В данных лекциях применялся именно такой проблемный подход, поэтому в них сведена к минимуму вся справочная информация, которую легко можно почерпнуть в Интернете. В результате получилась не столько история философии и философов, сколько история проблем и вопросов, которые так и остались неразрешёнными просто потому, что они были вытеснены другими вопросами. Но теперь, когда информация затапливает нас с головой, вопросы становятся гораздо ценнее ответов. В этих лекциях предпринимается попытка вновь поставить и рассмотреть те вопросы, которые стояли перед западноевропейской философией второй половины XIX - начала XX веков.
Соответственно этому производился и выбор тем. Эти лекции не претендовали на всеохватное изображение картины интеллектуальной жизни данного периода. Были выбраны лишь те направления, которые для самого автора стали сокровищницей проблем и кладезем вопросов. В публикацию же вошли лишь несколько из них — те, что на данный момент лучше разработаны. Это четыре большие темы, каждой из которых посвящён один
раздел: неокантианство, философия жизни (Ницше, Бергсон, Дильтей), феноменология Гуссерля и герменевтика Хайдеггера.
В изложении материала мы будем придерживаться в первую очередь не хронологического порядка, а порядка идейной преемственности в рамках указанных «линий» развития философствования. Так, прослеживая развитие неокантианства, мы пройдём от середины XIX века до начала XX, а затем вновь вернёмся назад, чтобы проследить развитие философии жизни в работах Ницше, Дильтея, Бергсона. Затем мы перейдём к началу XX века и рассмотрим философию Гуссерля и Хайдеггера.
Я могу привести некоторые теоретические основания для такого «линейного» — не хронологического и не персонального — подхода к философии XIX-XX веков. Дело в том, что сама философия в XIX веке приобретает новый, специфический характер. Это связано, прежде всего, с влиянием Гегеля и гегелевской школы. Все те философы и философские линии, которые были перечислены выше, испытали на себе влияние Гегеля. А.П. Чехов писал о литераторах своего времени: «Все мы вышли из “Шинели” Гоголя». Подобным образом, о философах XIX века можно сказать, что все они «вышли из Гегеля» — кто-то из «Феноменологии духа», кто-то из «Энциклопедии философских наук». В наименьшей степени это относится к позитивистам, но и на них философия Гегеля оказала влияние, которое выразилось в том, что позитивисты хотели от Гегеля дистанцироваться как можно дальше.
Но после Гегеля одно положение стало практически «общим местом», и его никто уже не мог просто игнорировать: это историчность истины. В «Феноменологии духа» Гегель ставил задачу «привести понятия в движение». Правда, движение это было у него вневременным саморазвитием понятия, но это развитие стало также ключом к новому пониманию истории как судьбы самопознающего Духа. Так или иначе, после Гегеля уже нельзя было говорить о внеисторической истине, о той истине, к которой стремились великие метафизические системы XVII и XVIII веков — Декарта, Спинозы, Лейбница. Правда, сам Гегель в «Энциклопедии» не избежал искушения объявить свою систему законченным воплощением Истины, но потому и говорится о присущем гегелевской философии противоречии между методом и системой: система претендует на законченность, завершённость, а метод Гегеля — это сам принцип движения, принцип развития.

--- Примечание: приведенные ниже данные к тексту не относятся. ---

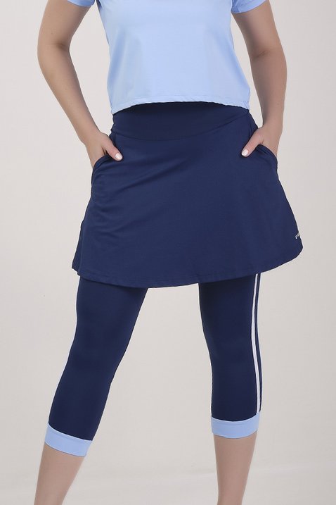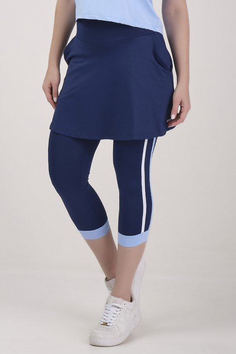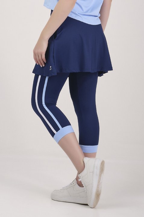 Saia Calça Corsário em Azul Marinho, uma peça de vestuário que combina estilo e funcionalidade de forma excepcional.

Философия XIX века в общем и целом не приняла систему Гегеля, но метод его получил новое широкое развитие. Это выразилось в том, что всё познание отныне стало рассматриваться исторически, как явление, вплетённое в исторический процесс. Никто из великих философов уже не
пробовал строить философских систем — по крайней мере, до конца XIX века Гегель сделал философии хорошую прививку от систематизма.
Следовательно, если мы не стремимся к законченным философским системам, то философия превращается в процесс — процесс философствования. Философия всё больше сознаёт свою историчность, она бросается с головой в эту стихию исторического становления. Это значит, что философ, когда он излагает свои философские взгляды, сам сопровождает их историко-философской рефлексией, которая отныне становится не просто способом самооценки философа, но способом развития и прояснения собственной философской мысли. В ходе такой историко-философской рефлексии философ сам себя вписывает в традицию. Этот момент «традиционализма» является для всех философов XIX века характерным.
Поэтому сама философия выстраивается в такие линии — линии преемственности. Иногда это называлось «школами», как в случае школ неокантианства, Марбургской и Баденской. Иногда понятие «школы» не применялось, как, например, в случае философии жизни, но преемственность, тем не менее, ясно осознавалась. Поэтому и излагать философию этого периода проще и естественнее, если следовать подобным линиям теоретической преемственности.
Понятие «метода» тоже претерпело в это время знаменательные изменения. Начиная с XVII века, с Бэкона, Декарта, философия Нового времени — это философия метода. Фрэнсис Бэкон и Рене Декарт потому и считаются основателями философии Нового времени, что они разработали два наиболее влиятельных метода научного и философского познания — соответственно, эмпирический и рационалистический. Отличие между этими методами заключается не в том, как часто думают, что в рационализме источником всех знаний считается разум, — по крайней мере, к Декарту это суждение неприменимо, а в том, что считается критерием истины: в эмпиризме это, естественно, опыт, а в рационализме — интеллектуальная интуиция, которая способна оценить ясность и отчетливость того или иного положения.
Вопрос о том, что должно приниматься в качестве решающего критерия истины, — один из основных вопросов философии, но он, на мой взгляд, является зависимым от другого, более фундаментального вопроса.
Для истории философии очень важно определить, что можно считать «основным вопросом», или вопросами, философии. Во-первых, это необходимо для того, чтобы при анализе философских систем можно было отделить существенное и необходимое от второстепенного и «привходящего». Во-вторых, по способу решения таких основных вопросов можно составить действительно научную классификацию типов философствования и прослеживать основные линии преемственности в историко-философском процессе.
До недавнего времени в отечественной истории философии основным вопросом считался вопрос о том, что первично: материя или дух. Понятия «материализм» и «идеализм» впервые ввёл Лейбниц, и до Лейбница эта противоположность не рассматривалась как основная точка отсчёта при оценке философских учений.
И, хотя вопрос о материальной или духовной природе субстанции — это действительно важный вопрос, сегодня, когда идеологический контроль над философствованием ушёл в прошлое, мы можем попытаться найти вопрос более фундаментальный, такой, который мог бы стать критерием для оценки самого существенного, духа и основной направленности каждой философии. Бесспорный и окончательный выбор здесь практически невозможен, и всё-таки я, как и неокантианцы, считаю, что главным противостоянием в западной философии было не противостояние «линии Платона» и «линии Демокрита», при всём уважении к последнему, а борьба между линией Платона и линией Аристотеля. И вопрос, который позволяет развести эти две линии, — это не вопрос, что первично, материя или дух, а, собственно, вопрос о природе истины, от решения которого непосредственно зависят и вопрос о способе её познания, и вопрос о природе философии в целом.